Immediately after publication of the initial report on the Pioneer anomaly , independent researchers raised questions concerning the estimated magnitude of the thermal recoil force due to internally generated heat. These ideas are summarized below.
Katz [26, 164] pointed out that although the electrical power generated on board Pioneer 10 and 11 was less than 100 W during the period that was investigated, the waste heat produced by each spacecraft’s four RTGs amounted to 2.5 kW. Therefore, even a small anisotropy in the spacecraft’s thermal radiation pattern may be sufficient to produce the observed acceleration. Further, the amount of heat generated on-board decreased slowly, consistent with the quoted error bounds of the acceleration. In their reply, Anderson et al.  reasoned that due to the geometrical features of the Pioneer spacecraft such a mechanism would produce an acceleration much smaller than that observed in the Pioneer Doppler data.
Murphy [25, 245] brought attention to the fact that the louver system on the back of the Pioneer spacecraft is not a Lambertian emitter, and the electrical heat produced on-board may not have been declining steadily with time, as the spacecraft body contained mostly components that had to be powered at all times. In their reply, Anderson et al.  argued that by the time Pioneer 10 reached the distances of 40 AU (i.e., the beginning of the data interval used in ), all louvers on the spacecraft were closed, thus forcing the remaining and decreasing heat to escape nonpreferentially.
Scheffer [325, 327] asserted that the 2002 study may have seriously underestimated the role of the thermal recoil force, and that up to 70 W of collimated thermal radiation, corresponding to an acceleration of 9.3 × 10–10 m/s2, may have been present on board the two Pioneer spacecraft. Using the data on the electrical status of the Pioneer 10 spacecraft available prior to 2002, Anderson et al.  argued that such a mechanism would produce a significant decrease in the magnitude of the anomalous acceleration as a response to the decreasing supply of the radio-isotopic fuel. In fact, for the Pioneer 10 data interval used in the 2002 study, the amount of electrical energy decreased by nearly 30%, implying a similar decrease in the magnitude of the anomalous acceleration. Such a decrease was not observed in the data.
Given the later recovery of i) the telemetry records of Pioneers 10 and 11 for the entire duration of their respective missions and ii) documentation detailing the design of the Pioneer F/G spacecraft (both completed in 2005 ), further investigation into the contribution of the thermal recoil force as the source of the Pioneer anomaly is well founded. Indeed, the recoil force due to on-board generated thermal radiation is the subject of on-going study, discussed in Section 7.4.

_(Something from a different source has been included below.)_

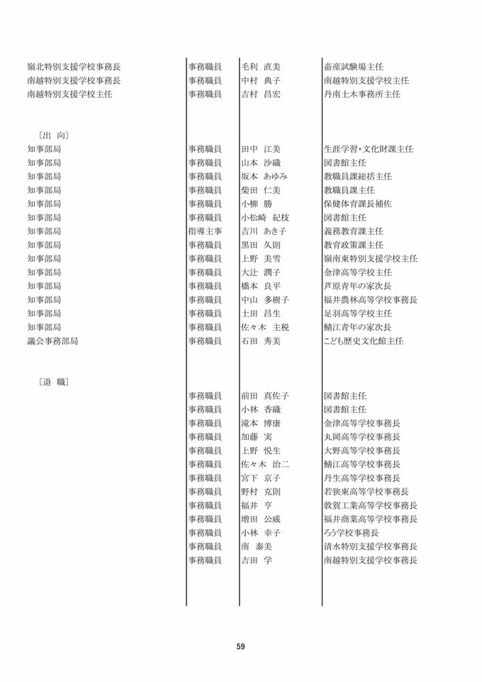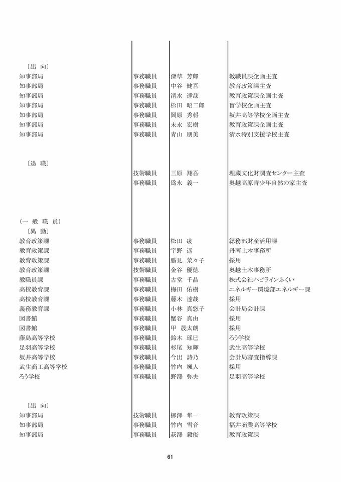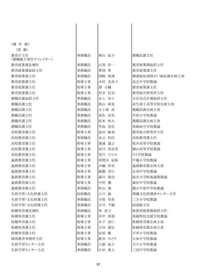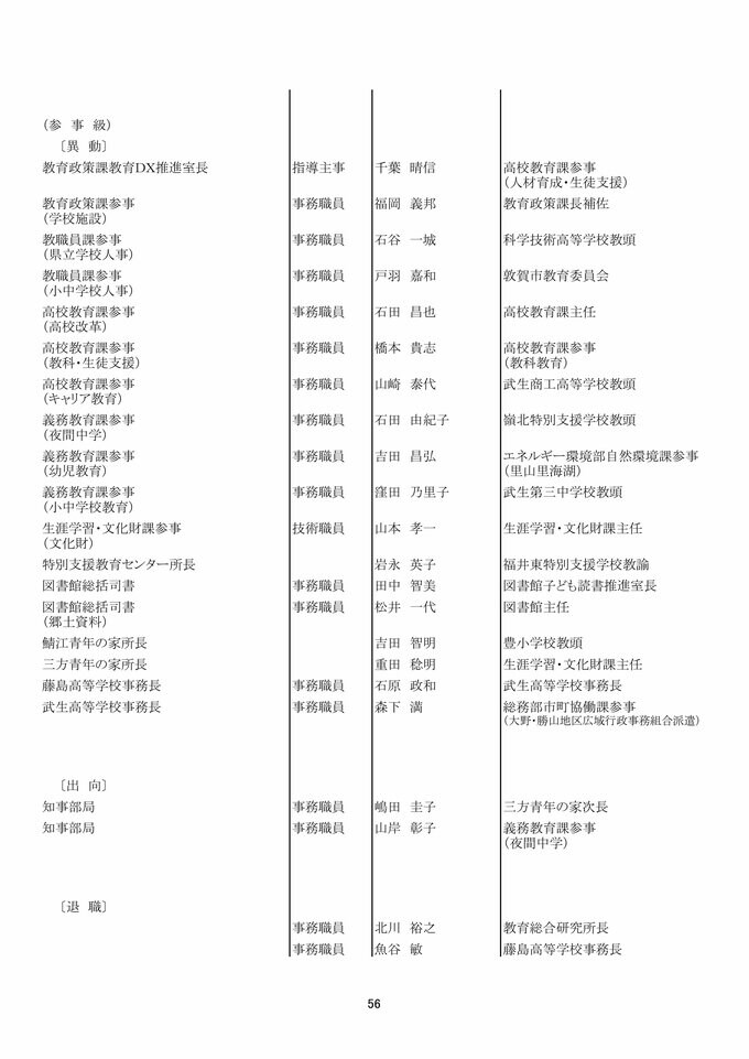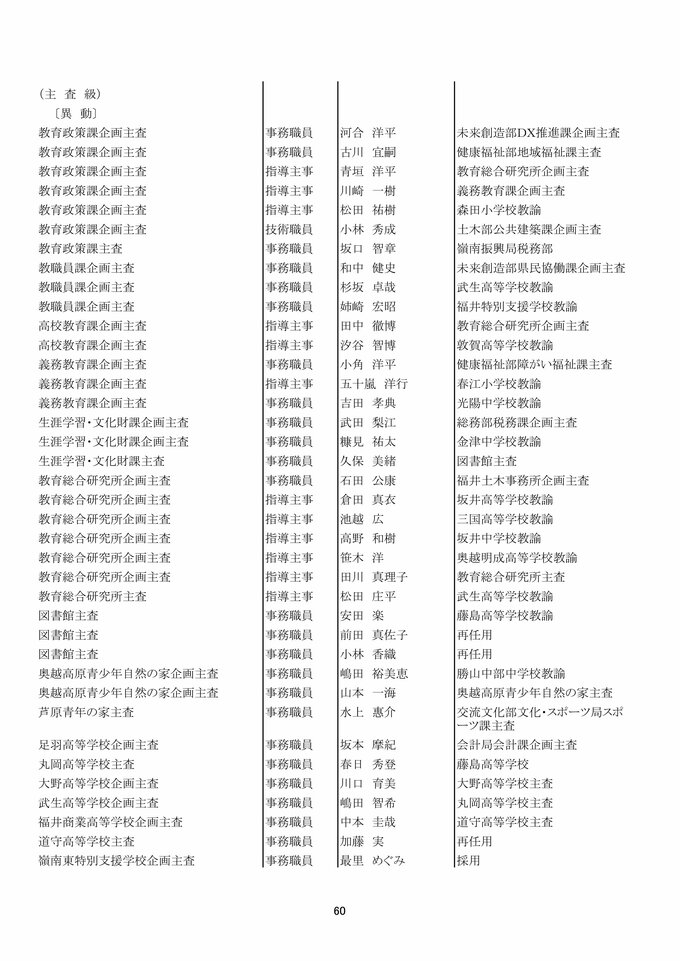 福井県 県職員人事異動 「インバウンド交流課」など観光3課を新設!女性管理職が過去最多の127人で25%越え【2025年度 令和7年度 全員掲載】 2025年4月1日(火) 17:49 福井 福井県職員人事異動 【教育委員会】
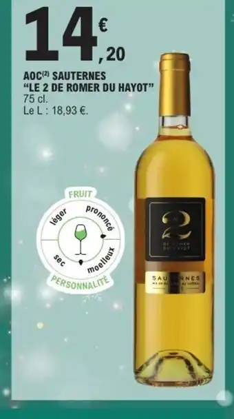 Offre LE 2 DE ROMER DU HAYOT Aoc sauternes chez E.Leclerc

Among the possible mechanisms for the anomaly Anderson et al.  emphasized that propulsive gas maneuvers could contribute to the anomalous acceleration (see discussion in Sections 4.4.1 and 5.4.1). (The topic of fuel leaks was addressed in Section 4.4.2.) The errors associated with mismodeling of the maneuvers could be large enough to seriously affect the acceleration estimates. The number of maneuvers, their magnitude and the details of the trajectories of both Pioneers make it unlikely that similar acceleration estimates for both spacecraft would result, thus undermining this idea. Recently this mechanism was again put forward by Tortora et al. . The recovered telemetry record, however, shows no indication of a loss of fuel or propulsion system activity that would support this notion .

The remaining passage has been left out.